The massive and compact hot Jupiter HAT-P-22 b (mass ≈ 2.1 MJup and radius ≈ 1.1 RJup) circularly orbits a fairly metal-rich and bright (V = 9.7 mag) G5 V star with a period of 3.2 days, producing planetary-transit events with a depth of 1.5% (Bakos et al. 2011). Further studies of this planetary system, mostly based on new photometric light curves, presented slight refinements of the orbital (Knutson et al. 2014; Turner et al. 2016) and physical parameters (Torres et al. 2012; Hinse et al. 2015; Sousa et al. 2015; Baştürk et al. 2015; Turner et al. 2016). Occultation measurements of HAT-P-22 b with Spitzer were performed by Kilpatrick et al. (2017), who concluded that its atmosphere does not experience efficient recirculation.

2.4 WASP-39

The discovery of the transiting exoplanet WASP-39 b was announced by Faedi et al. (2011). It is a highly inflated Saturn-mass planet (mass ≈0.3 MJup and radius ≈1.3 RJup) circularly orbiting a late G-type dwarf star with a period of roughly four days. Further observations refined the orbital (Ricci et al. 2015; Fischer et al. 2016; Maciejewski et al. 2016) and physical parameters (Maciejewski et al. 2016; Nikolov et al. 2016). Occultation measurements with Spitzer were also carried out for WASP-39 b, suggesting a very efficient circulation of energy from the day to the night side (Kammer et al. 2015). A Rayleigh scattering slope as well as sodium and potassium absorption features were detected by Fischer et al. (2016) using HST transit observations and complementary data from Spitzer. These findings were confirmed by ground-based, transmission-spectroscopy observations, which were obtained with the Very Large Telescope (VLT; Nikolov et al. 2016).

2.5 WASP-60

The hot Jupiter WASP-60 b was discovered by Hébrard et al. (2013), who measured for this planet a mass of ≈ 0.5 MJup and a radius of ≈0.9 RJup. The authors found that it transits in front of its parent star, a G1 V star with M ≈ 1.1 M and R ≈ 1.1 R, every ≈ 4.3 days, producing shallow transits of 0.6%. These measurements were based on RV data, photometric data from the SuperWASP survey, and on a single incomplete follow-up light curve. As we see in Sect. 7, several of these findings are not in agreement with the results presented in this work. According to Bonomo et al. (2017), the eccentricity of the orbit of WASP-60 b is compatible with zero, but with an uncertainty larger than 0.05. A new incomplete, photometric light curve of a WASP-60 b transit was reported by Turner et al. (2017). No further follow-up works have yet been presented for this exoplanetary system.
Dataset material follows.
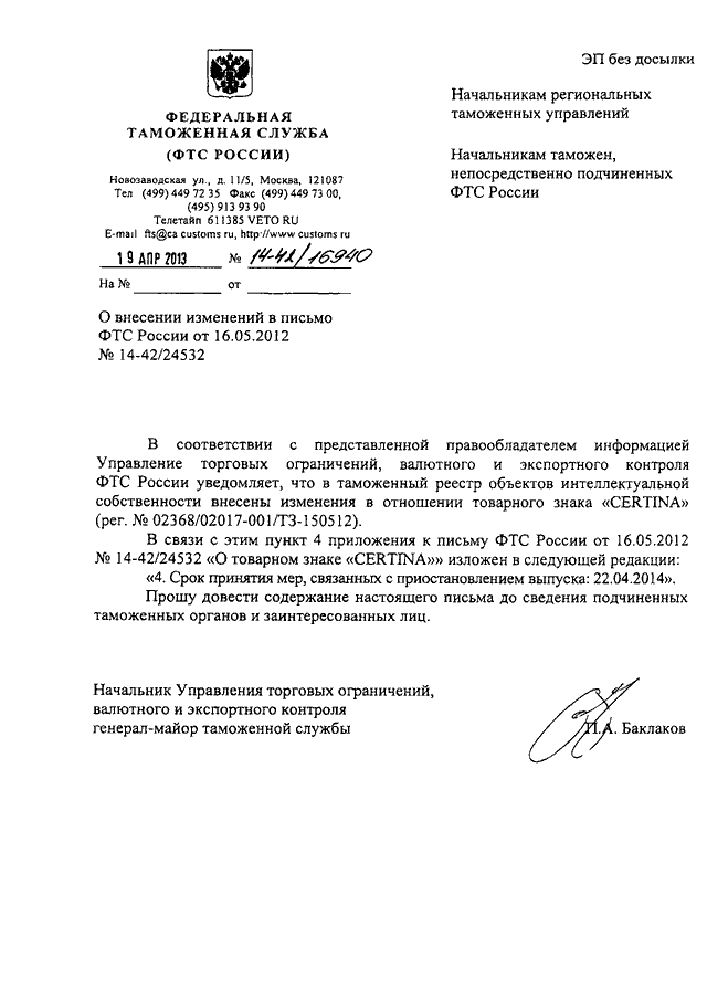 ПИСЬМО ФТС РФ от 19.04.2013 N 14-42/16940
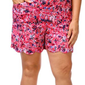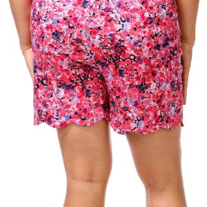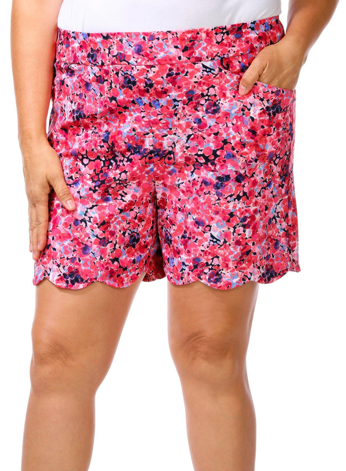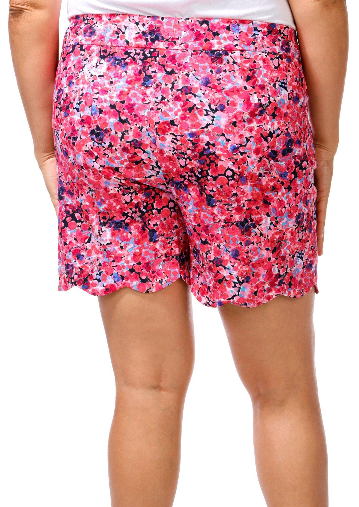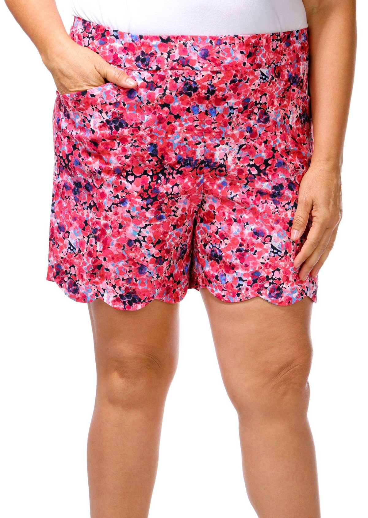 Add playful polish to your summer look with these Plus Spray Dot Scalloped Bermuda Shorts. Made from a comfy blend of rayon, nylon, and spandex, they feature a charming spray dot print, pull-on waistband, front pockets, and a scalloped hem for a fun, feminine finish.

3 Observation and data reduction

In this section we present new times-series spectroscopic data of HAT-P-3, HAT-P-12, HAT-P-22, WASP-39, and WASP-60. The spectra were obtained with HARPS-N during their transit events with the specific purpose of measuring the RM effects for each of the five exoplanets. We also present new photometric follow-up observations of HAT-P-3, HAT-P-12, and WASP-60.

3.1 HARPS-N spectroscopic observations

The spectroscopic observations of the transits were carried out using the High Accuracy Radial velocity Planet Searcher-North (HARPS-N; Cosentino et al. 2012) spectrograph at the 3.58 m TNG on the following nights: 2013/06/10 (HAT-P-3), 2013/10/20 (WASP-60), 2014/04/03 (HAT-P-22), 2015/03/13 and 2015/04/24 (HAT-P-12), and 2015/05/04 (WASP-39).The observations were performed with a simultaneous Thorium-lamp spectrum for the stars with V < 12 (HAT-P-3 and HAT-P-22) and with fibre A on target and fibre B on sky for the other three fainter stars. The log of the HARPS-N observations is given in Table A.1.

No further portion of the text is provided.